The roles and goals you have for those roles are defined by you and your principles. By creating a mission statement and setting your goals, you can define these roles and goals in your life and give them a greater meaning and purpose.
Defining Your Roles in Your Personal Mission Statement
As you develop your mission statement, it helps to identify the many roles you have — spouse, son/daughter, brother/sister, father/mother, friend, professional, individual — and create goals for each role. You’ll find that you uncover many paradigms and principles along the way. And if you don’t parse out your vision and goals to address each of your roles, it’s easy to focus your mission statement too heavily on one area of your life and neglect others; you may accidentally make a mission statement too centered on work accomplishments and lose the balance in your goals that reflects a balanced life, and your roles and goals won’t reflect what’s important to you.
You can also identify the various roles you have in the personal, professional, and leisure areas of your life; this will help you keep your focus and priorities balanced and avoid neglecting any particular area of your life and responsibilities. Identifying these paradigms and principles will help you develop a principle-centered paradigm.

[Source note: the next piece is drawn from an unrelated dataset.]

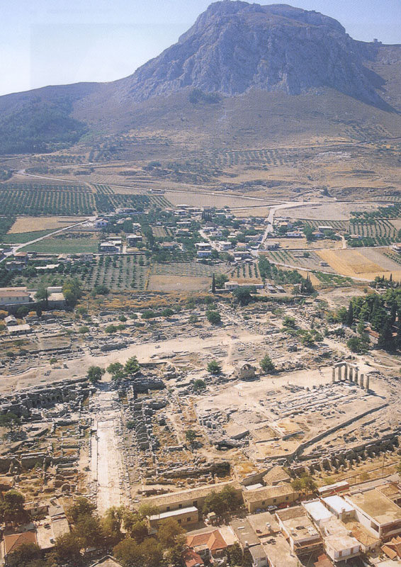 A major state in the north east Peloponnese (south Greece) with the city lying at the foot of a large acropolis (Acrocorinth). Its ports lay on the Gulf of Corinth, facing west, which helps account for its colonizing activity from the 8th century BC on. It also controlled the isthmus for north-south traffic by land, and the overland haulage of shipping east-west. It was a major beneficiary of the early orientalizing styles of Greece and its pottery was dominant in the Greek world from the 8th to early 6th century BC. It was a centre also for early examples of Doric architecture and sculpture. In the 5th century it sided with much of the rest of Greece against Athens; in the 4th it headed an unsuccessful League against the advance of Macedon. Its destruction by L.Mummius in 146 BC marks the beginning of the Romanization of Greece, but it was refounded as a Roman colony in 44 BC, and flourished.

In addition to your role as an individual, think about roles and goals you have in your family (e.g. spouse, mother, daughter, sister, aunt), a few roles in your work life (e.g. executive producer, vice president of content, department manager), and one or more roles you have in your community or leisure activities (e.g. church elder, volunteer, recreational volleyball team captain).
How can knowing these roles help you set goals? Knowing who you are and where you fit into other people’s lives will help you establish goals in your personal and professional life. These roles and goals are a huge part of developing and understanding your principle-centered paradigm.

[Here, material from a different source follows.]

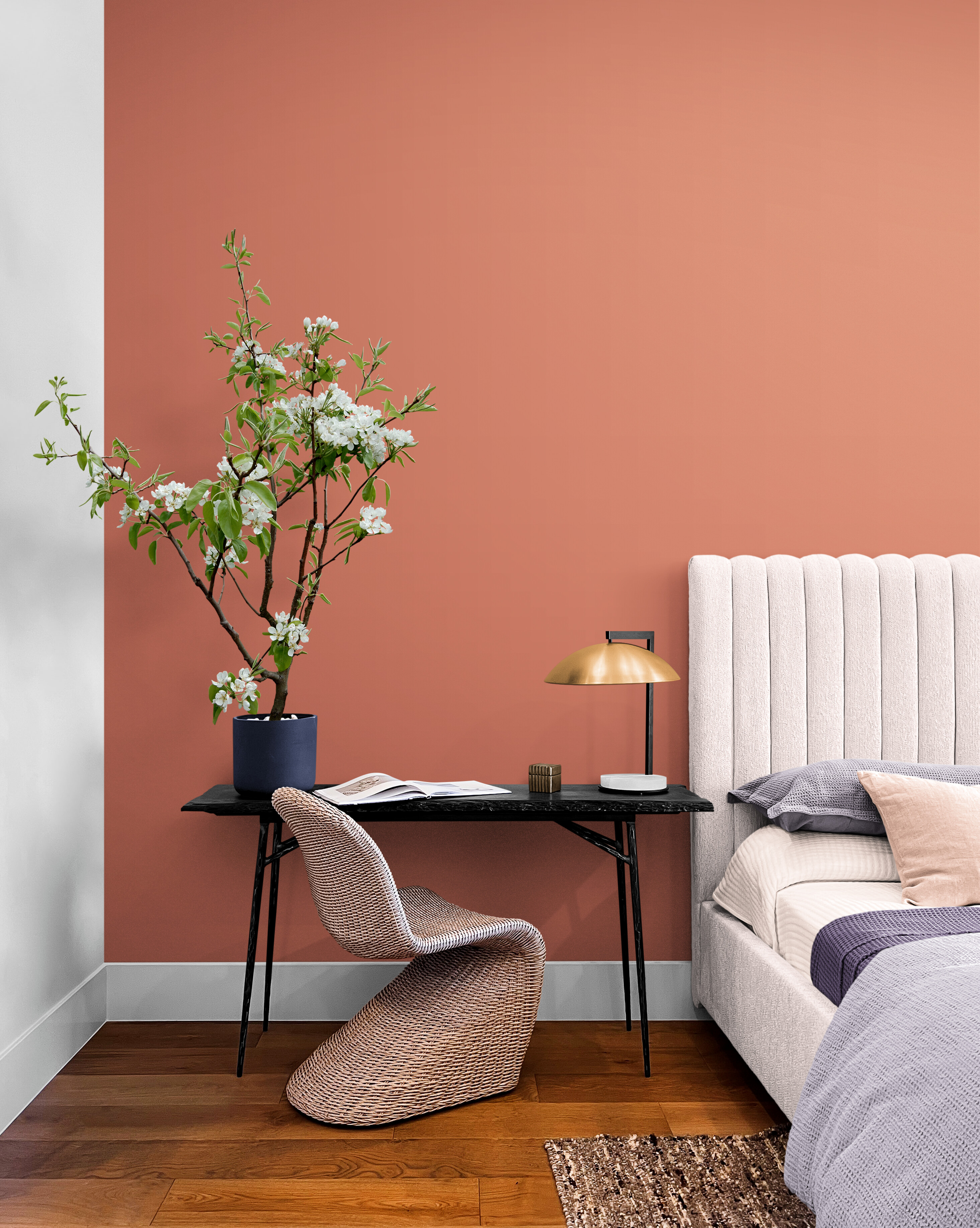Wandverkleidung für das Schlafzimmer in Pastellrot Unifarbe

Setting and Reaching Your Goals
Think about one or two important results you’d like to achieve for each role within the next week. These goals should contribute to the longer-term, big-picture goals in your personal mission statement, and at least some of them should fall into Quadrant II. If you haven’t created your personal mission statement yet, be mindful to set these goals with a general focus on what’s important to you in the long term. The roles and goals work together.
Now that you have a list of roles and goals to accomplish in the next week, start scheduling them. Some goals might be time-sensitive, or only doable during business or weekend hours; with this in mind, assign a day (or take it a step further and create an appointment time) to achieve each goal. As you’re scheduling out your week, be sure to check your calendar for prior commitments, assess how they fit into your goals, and decide whether to keep, reschedule, or cancel them. You can learn more about this essential 7 Habits paradigm as you set your roles and goals, and determine what’s in your Quadrant II.
If your goals involve other people, make sure you and the other person each understand your expectations of each other, including each other’s paradigms and principles. This can also include your and your spouse’s expectations of each other’s roles and goals, or your friend’s expectations of your availability in times of need. Whatever the context, unclear expectations create misunderstanding, frustration, disappointment, and tension, so explicitly state your expectations instead of assuming they’re understood — and shared — by the other person.
Knowing your roles and goals will help you keep your focus on the Quadrant II paradigm. You’ll be able to develop from a principle-centered paradigm; having a clear sense of your mission, principles, and values.